FIG. 1 is a flow chart of the preparation of a series of cubic fluorite type high-entropy cerium oxide nanopowders of the present invention;

FIG. 2 shows a cubic fluorite type high entropy cerium oxide ceramic (Er, Gd, La, Sm, Y)₂Ce₂O₇A macroscopic morphology picture of the nano powder;

FIG. 3 is a cubic fluorite type high entropy oxide ceramic (Er, Gd, Sm, Y, Yb)₂Ce₂O₇Microscopic morphology of the nano powder;

FIG. 4 is an XRD pattern of several cubic fluorite type high entropy cerium oxide nanopowders prepared;

FIG. 5 shows a cubic fluorite type high entropy cerium oxide ceramic (Gd, La, Nd, Sm, Yb)₂Ce₂O₇A bulk EDS map;

FIG. 6 is a cubic fluorite type high entropy cerium oxide ceramic (Er, La, Lu, Sc, Sm)₂Ce₂O₇TG-DSC curve in air.

Detailed Description

In order to make the technical solutions of the present invention better understood, the technical solutions in the embodiments of the present invention will be clearly and completely described below with reference to the drawings in the embodiments of the present invention, and it is obvious that the described embodiments are only a part of the embodiments of the present invention, and not all of the embodiments. All other embodiments, which can be derived by a person skilled in the art from the embodiments given herein without making any creative effort, shall fall within the protection scope of the present invention.

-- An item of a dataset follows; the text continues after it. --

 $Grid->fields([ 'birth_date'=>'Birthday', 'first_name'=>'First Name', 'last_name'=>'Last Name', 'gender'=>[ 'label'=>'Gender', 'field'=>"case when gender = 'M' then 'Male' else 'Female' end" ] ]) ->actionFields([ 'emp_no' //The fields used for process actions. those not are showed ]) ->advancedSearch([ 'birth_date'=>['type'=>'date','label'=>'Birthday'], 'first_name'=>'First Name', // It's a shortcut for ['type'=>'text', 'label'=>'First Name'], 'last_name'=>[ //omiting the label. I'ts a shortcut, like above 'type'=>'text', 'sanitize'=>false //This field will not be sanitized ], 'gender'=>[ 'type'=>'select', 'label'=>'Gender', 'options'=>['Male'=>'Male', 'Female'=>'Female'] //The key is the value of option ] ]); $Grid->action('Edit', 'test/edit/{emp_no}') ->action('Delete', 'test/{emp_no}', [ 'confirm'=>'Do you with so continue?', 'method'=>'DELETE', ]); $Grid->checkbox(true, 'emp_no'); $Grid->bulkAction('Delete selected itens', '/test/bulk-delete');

It should be noted that the terms "first," "second," and the like in the description and claims of the present invention and in the drawings described above are used for distinguishing between similar elements and not necessarily for describing a particular sequential or chronological order. It is to be understood that the data so used is interchangeable under appropriate circumstances such that the embodiments of the invention described herein are capable of operation in sequences other than those illustrated or described herein. Furthermore, the terms "comprises," "comprising," and "having," and any variations thereof, are intended to cover a non-exclusive inclusion, such that a process, method, system, article, or apparatus that comprises a list of steps or elements is not necessarily limited to those steps or elements expressly listed, but may include other steps or elements not expressly listed or inherent to such process, method, article, or apparatus.

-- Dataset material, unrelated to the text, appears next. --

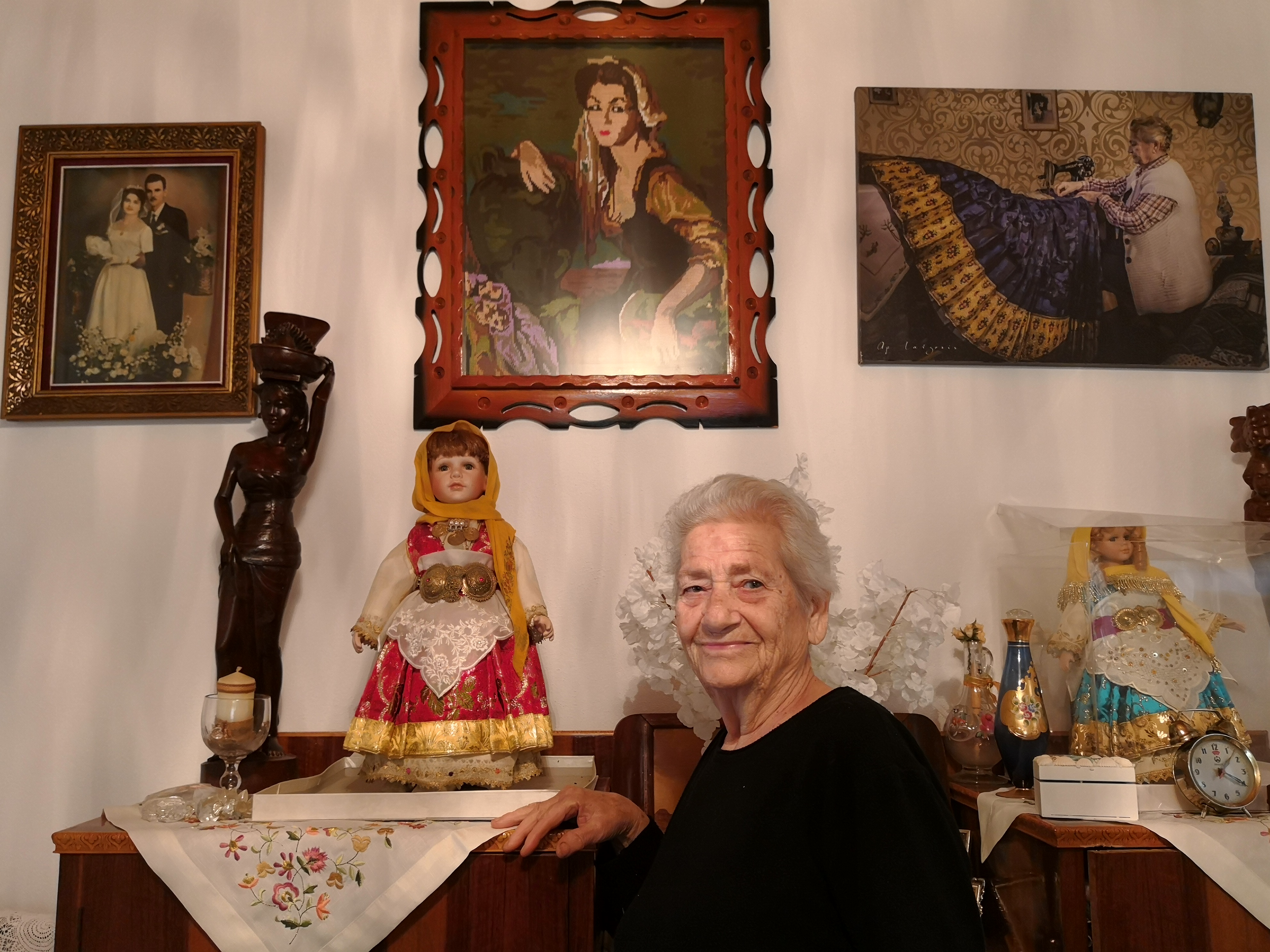 Ναι. Στις κούκλες, να σου πω. Το πουκάμισο αυτό που έχω στην κούκλα είναι της μάνας μου, που φορούσε την Πρωτομαγιά, που πήγαινε στην εκκλησία. Τα κλειδωτάρια είναι απ' την... Πες την, απάνω...

The invention is described in further detail below with reference to the accompanying drawings:

referring to fig. 1, a series of cubic fluorite type high-entropy cerium oxide nanopowders of the present invention is illustrated by combining a process flow diagram, comprising the following steps:

1) five kinds of Re with equal molar ratio₂O₃Dissolving in nitric acid solution, and dropwise adding Ce (NO)₃)₃Obtaining a mixed ionic solution from the solution; wherein, Re is any one of La, Nd, Er, Sm, Gd, Dy, Yb, Lu, Sc and Y.

Ce (NO) used₃)₃The amount of substance(s) and Re used₂O₃Is greater than 10.

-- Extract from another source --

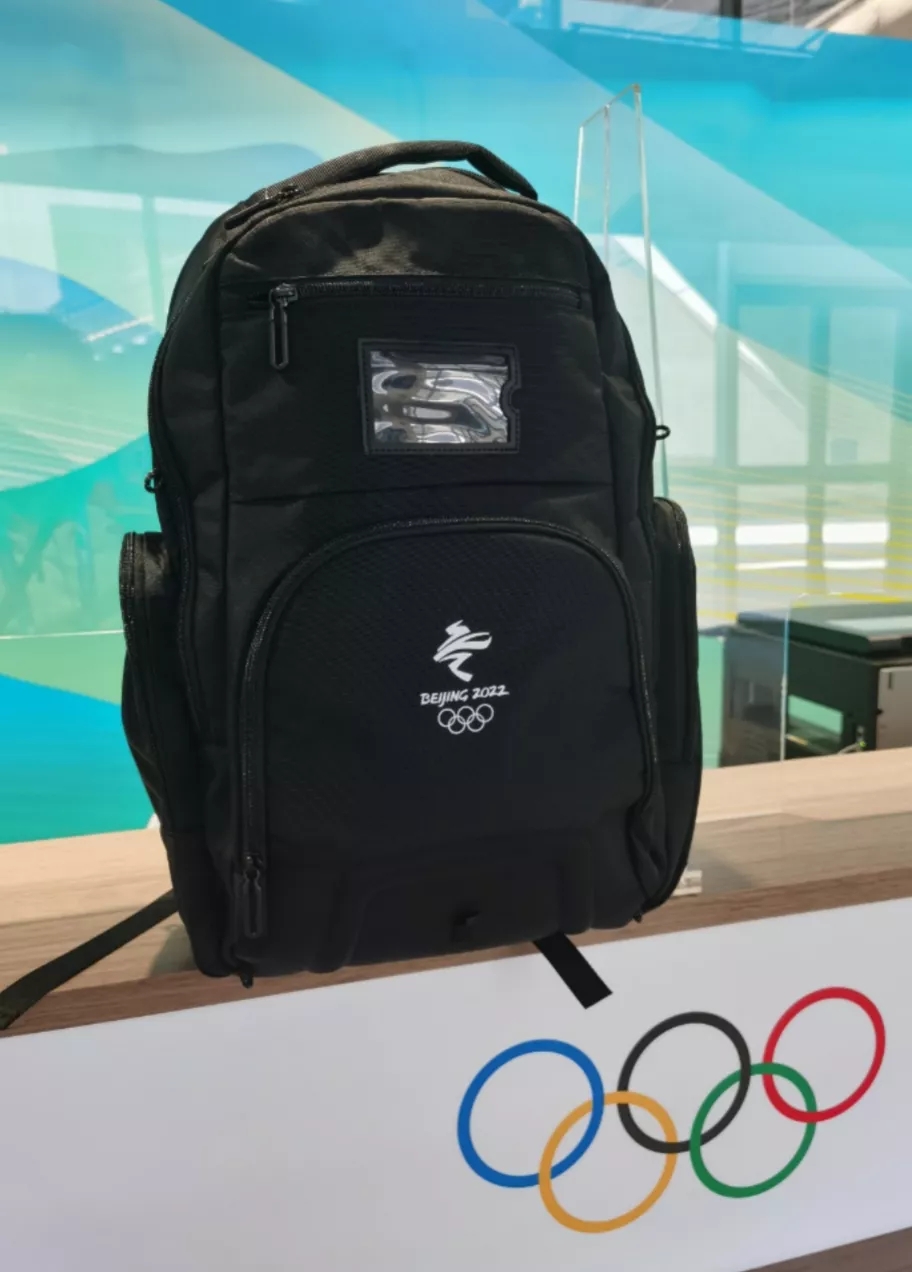 Foreign media workers carry backpacks received at Beijing 2008 all the way to Beijing 2022 Winter Olympic Games

2) Adding a certain amount of citric acid and a proper amount of solvent into the mixed ionic solution obtained in the step 1), and dropwise adding diluted ammonia water to adjust the pH value to 6-7 to obtain mixed sol.

Wherein the ratio of the amount of citric acid to the total amount of ionic substances in the solution is greater than 2, and the solvent can be ethanol or ethylene glycol or their mixture.

3) Removing the solvent in the mixed sol obtained in the step 2) to obtain xerogel.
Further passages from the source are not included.